The Have I Been Pwned API Now Has Different Rate Limits and Annual Billing

A couple of weeks ago I wrote about some big changes afoot for Have I Been Pwned (HIBP), namely the introduction of annual billing and new rate limits. Today, it's finally here! These are two of the most eagerly awaited, most requested features on HIBP's UserVoice so it's great to see them finally knocked off after years of waiting. In implementing all this, there are changes to the existing "one size fits all" model so if you're using the HIBP API, please make sure you read this carefully and understand the impact (if any) on you. Here goes:

The Rate Limits and (Some) Pricing is Different

The launch blog post for the authenticated API explained the original rationale behind the $3.50 per month price and most importantly, how I wanted to ensure it didn't pose a barrier:

In choosing the $3.50 figure, I wanted to ensure it was a number that was inconsequential to a legitimate user of the service

As I said in the previous blog post, what I didn't understand at the time was that paradoxically, the low amount was a barrier to many organisations! But equally, it's made the API super accessible to the masses so that price stays. The rate limit, however, needed revisiting and to understand why, let's go back to the beginning:

The "1 request per 1,500ms" rate dated all the way back to 2016 where I'd initially attempted to combat abuse by applying the limit per IP. This was an entirely non-empirical, gut feel, "let's just try and fix the problem right now" decision and it was only very recently I actually started trawling through the data and looking at how the API was being consumed. 1 request every 1,500ms is a maximum of 57,600 requests in a day; here's the number of requests by the top 20 consumers of the service in a recent 24 hour mid-week period:

The Have I Been Pwned API Now Has Different Rate Limits and Annual Billing

Keeping in mind that you're never going to achieve the full 57,600 requests in a day as you'd have to time every single one of them perfectly so as not to hit the rate limit, only 1 subscriber even achieved half that potential. In fact, only 9 subscribers achieved even a quarter of the potential with everyone else very quickly falling back to a small fraction of even that. To be fair, I'm conscious that I'm taking a full day of data and talking about requests as if they were evenly distributed across the entire period when there are inevitably use cases where it's more a short burst rather than a prolonged, even distribution. Regardless, what the data is saying is that the default "one size fits all" rate limit is way above and beyond what almost every single subscriber is actually consuming, and by a significant order of magnitude too. In a way, what we ended up with is the little guys subsidising the big guys.
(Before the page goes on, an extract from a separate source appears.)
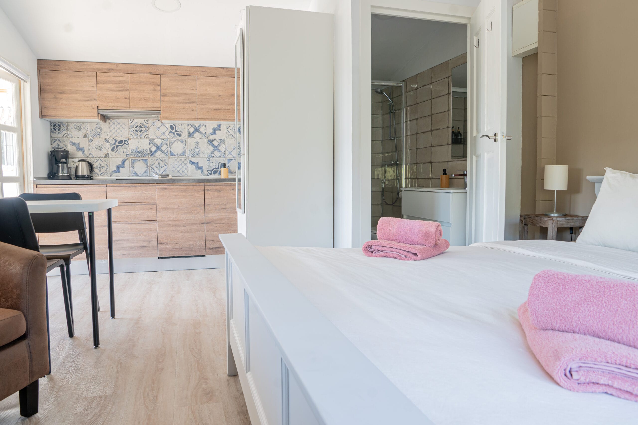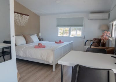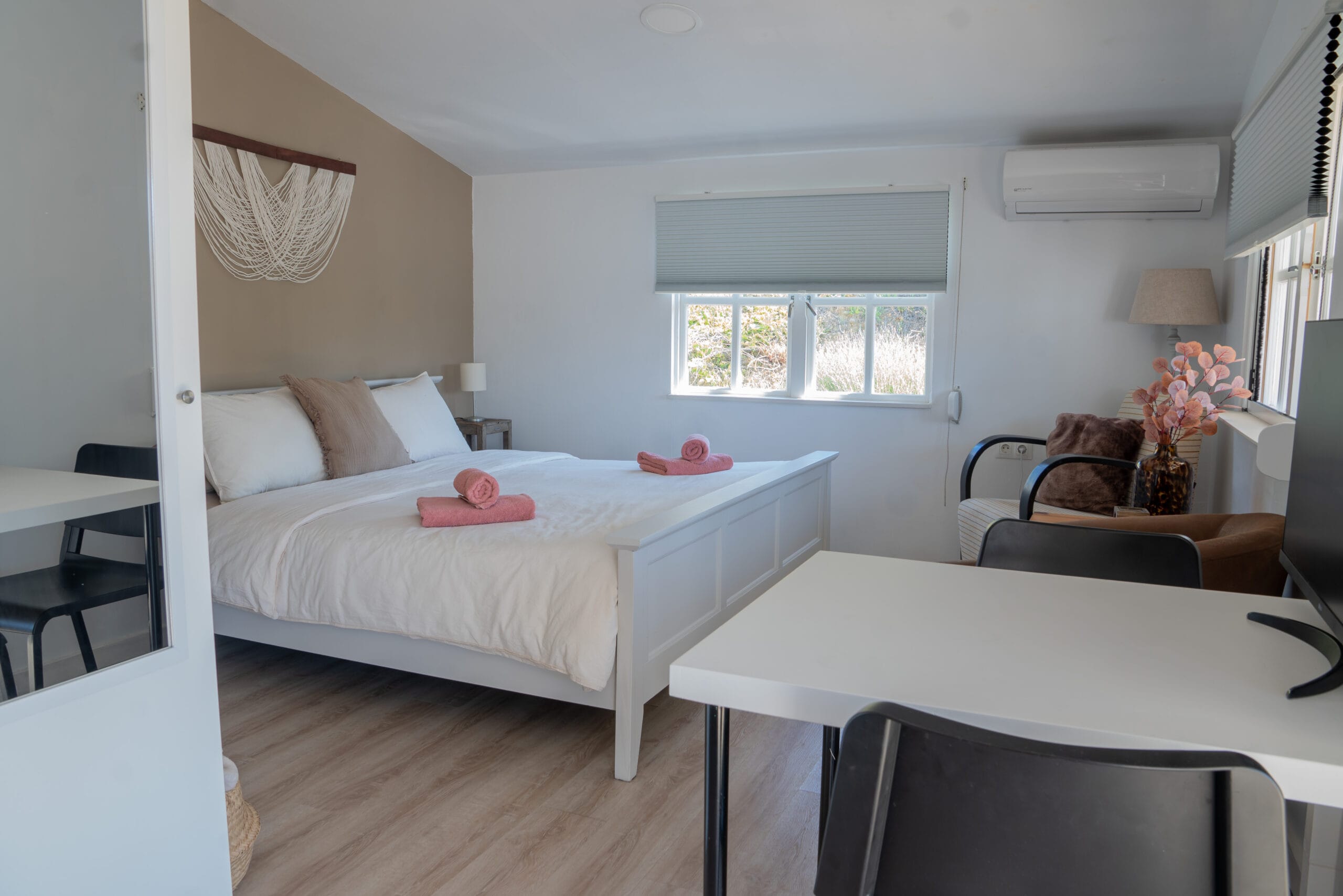 De kamer is voorzien van airco, TV en snelle WiFi. Ook de keuken is van alle gemakken voorzien, van vaatwasser tot volledige kookgelegenheid en koelkast met vriesvak.

The bottom line is that we're simultaneously adding a bunch of higher rate limits whilst reducing the entry level rate limit. It's easier if you see it all in context so let's just jump straight into the pricing (all in USD):

The Have I Been Pwned API Now Has Different Rate Limits and Annual Billing

This is from Stripe's embeddable pricing table I mentioned in the previous post and it's what you see when you first sign up for a key. With new limits, it's easier to talk about "requests per minute" or RPM so that's the nomenclature we're sticking with now. That entry level 10RPM model will work for well in excess of 90% of current subscribers and it's only a very small percentage of the existing subscriber base exceeding it. (And yes, again, I know these requests are sometimes made in bursts but even still, 10RPM is far in excess of the vast majority of use cases.)

There are economies of scale that have been factored in here. Going from 10RPM to 100RPM isn't a 10x increase, it's about a 7x increase. Going to 5 times more requests is only 4 times the price, and so on and so forth. The hope is that this makes it easier for the folks who were previously buying multiple keys to justify scratching all the kludge previously used to do that and replacing it with a single key at a higher RPM.
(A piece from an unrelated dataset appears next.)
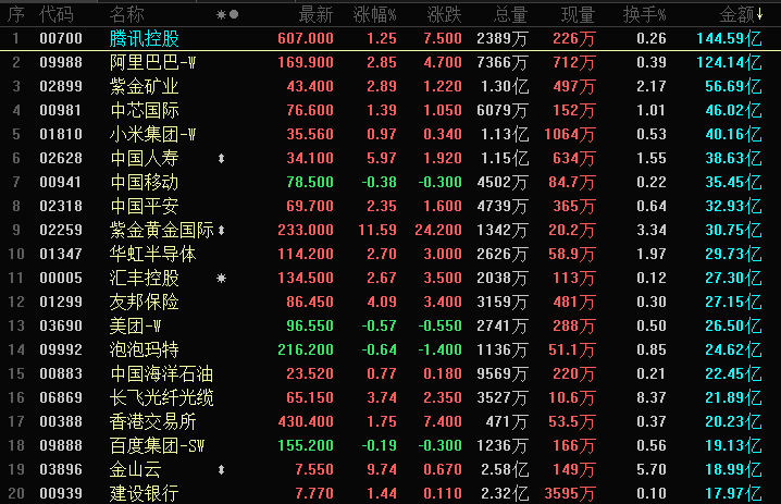 盘面上,权重科技股走势继续分化;保险股、银行股拉升走强助力大市回暖,其中中国人寿涨近6%,工商银行、农业银行、建设银行皆有涨幅,汇丰控股再创历史新高;黄金股部分继续上涨,紫金矿业、紫金黄金国际均大涨再创历史新高;重型机械股继续活跃,中国重汽、三一国际齐创新高;光伏股、苹果概念股、港口及海运股、AI应用概念股普遍上涨。

To get to this outcome, we trawled back through heaps of data ranging from the high-level aggregated stats in the earlier chart to the nature of the organisations buying multiple keys (which we can obviously determine based on the email address used). I also chatted with a bunch of API users both during this process and over the preceding years and have a pretty good sense of the use cases. A few trends became immediately clear:

Firstly, use cases that are genuinely personal have a very low rate limit requirement. Checking your own address(es) or those of your family by a custom app, for example. Or one of my favourite uses (and one I definitely use), the Home Assistant integration:

The Have I Been Pwned API Now Has Different Rate Limits and Annual Billing

On an ongoing basis, HA makes 1 request every 15 minutes. That's all. Each time we looked at genuine personal use cases, 10RPM was plenty.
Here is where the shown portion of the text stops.